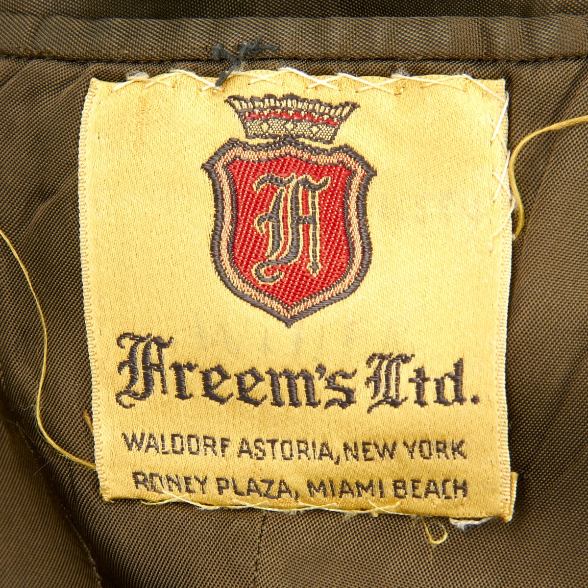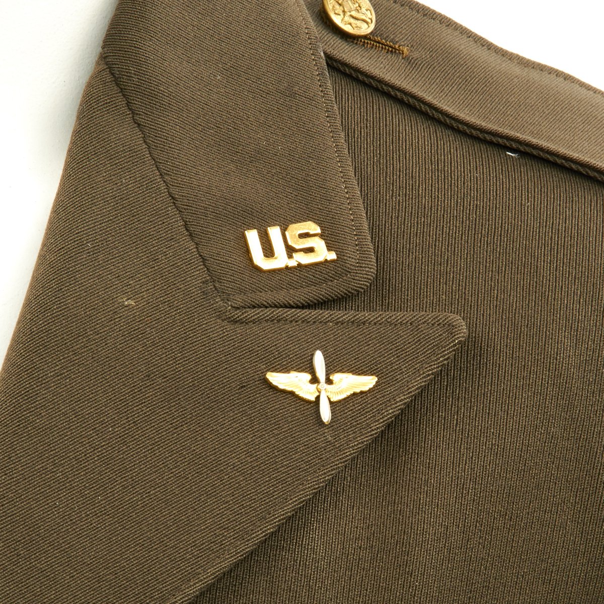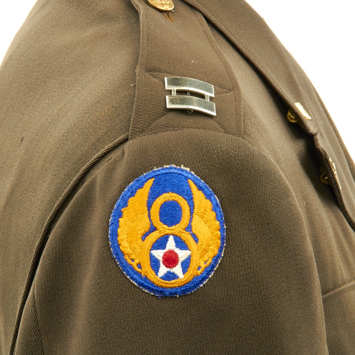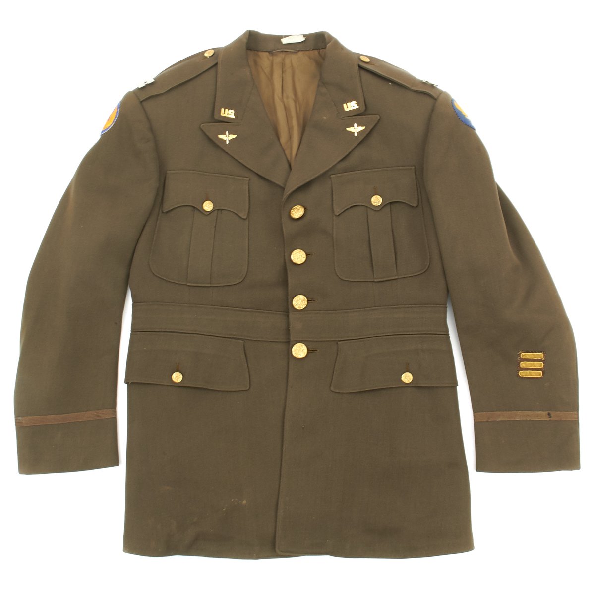 - Original WWII U.S. Class A four pocket officer tunic with Lieutenant bars on each shoulder, early Army Air Force patch, 8th Air Force patch, 3 overseas bars on left sleeve, tailor label from Freem's Ltd located in New York City inside the Waldorf Astoria Hotel.
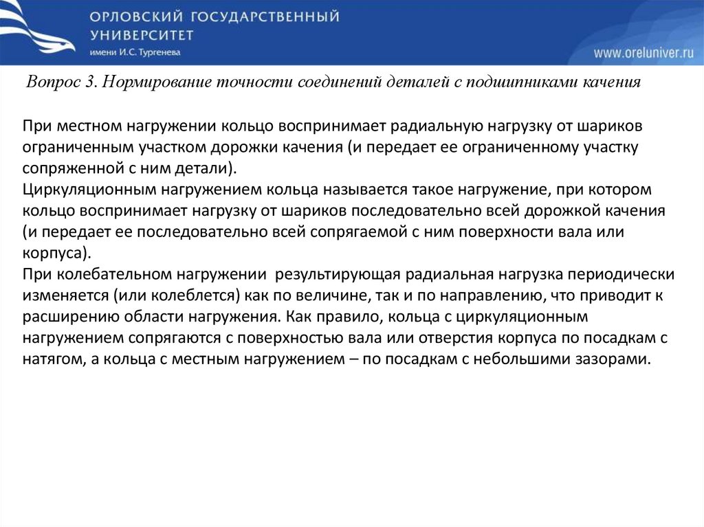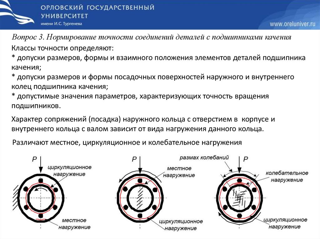 Вопрос 3. Нормирование точности соединений деталей с подшипниками каченияПри местном нагружении кольцо воспринимает радиальную нагрузку от шариков
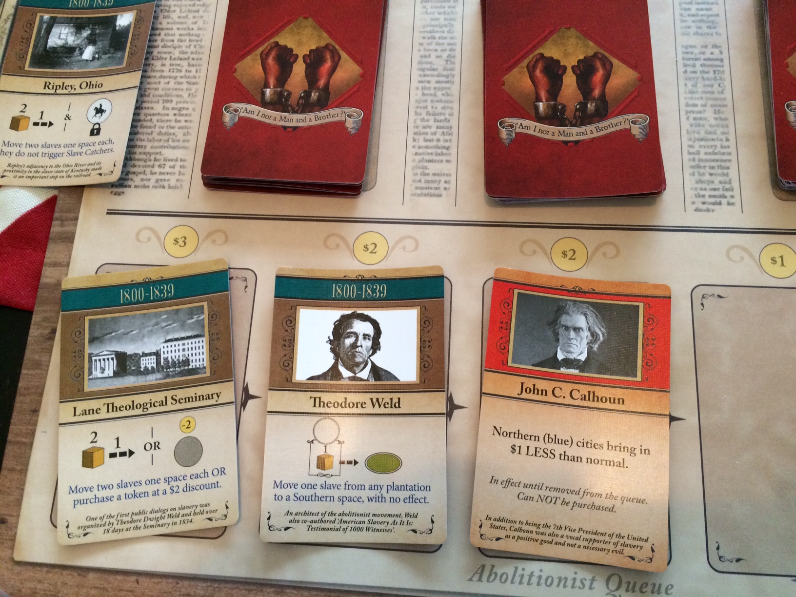 During the Action phase, you can also purchase a from the Abolitionist Queue. All of these cards are based on real-life people and events of the time. Most of these cards also impact the game in a way that makes sense within the context of the game. Some cards give you clear benefits, while Abolitionist Opposer cards actually add a negative affect to the game until you buy them. I find that these cards can be particularly helpful or devastating, depending on where in the queue they are and at what point the negative cards arrive.

■ **WHAT THE TASK REQUIRES**
Word for word, write out the whole listing, keeping none of the pictures.

■ **THE COMPLETED TASK**
 - Original WWII U.S. Class A four pocket officer tunic with Lieutenant bars on each shoulder, early Army Air Force patch, 8th Air Force patch, 3 overseas bars on left sleeve, tailor label from Freem's Ltd located in New York City inside the Waldorf Astoria Hotel.
 Вопрос 3. Нормирование точности соединений деталей с подшипниками каченияПри местном нагружении кольцо воспринимает радиальную нагрузку от шариков
 During the Action phase, you can also purchase a from the Abolitionist Queue. All of these cards are based on real-life people and events of the time. Most of these cards also impact the game in a way that makes sense within the context of the game. Some cards give you clear benefits, while Abolitionist Opposer cards actually add a negative affect to the game until you buy them. I find that these cards can be particularly helpful or devastating, depending on where in the queue they are and at what point the negative cards arrive.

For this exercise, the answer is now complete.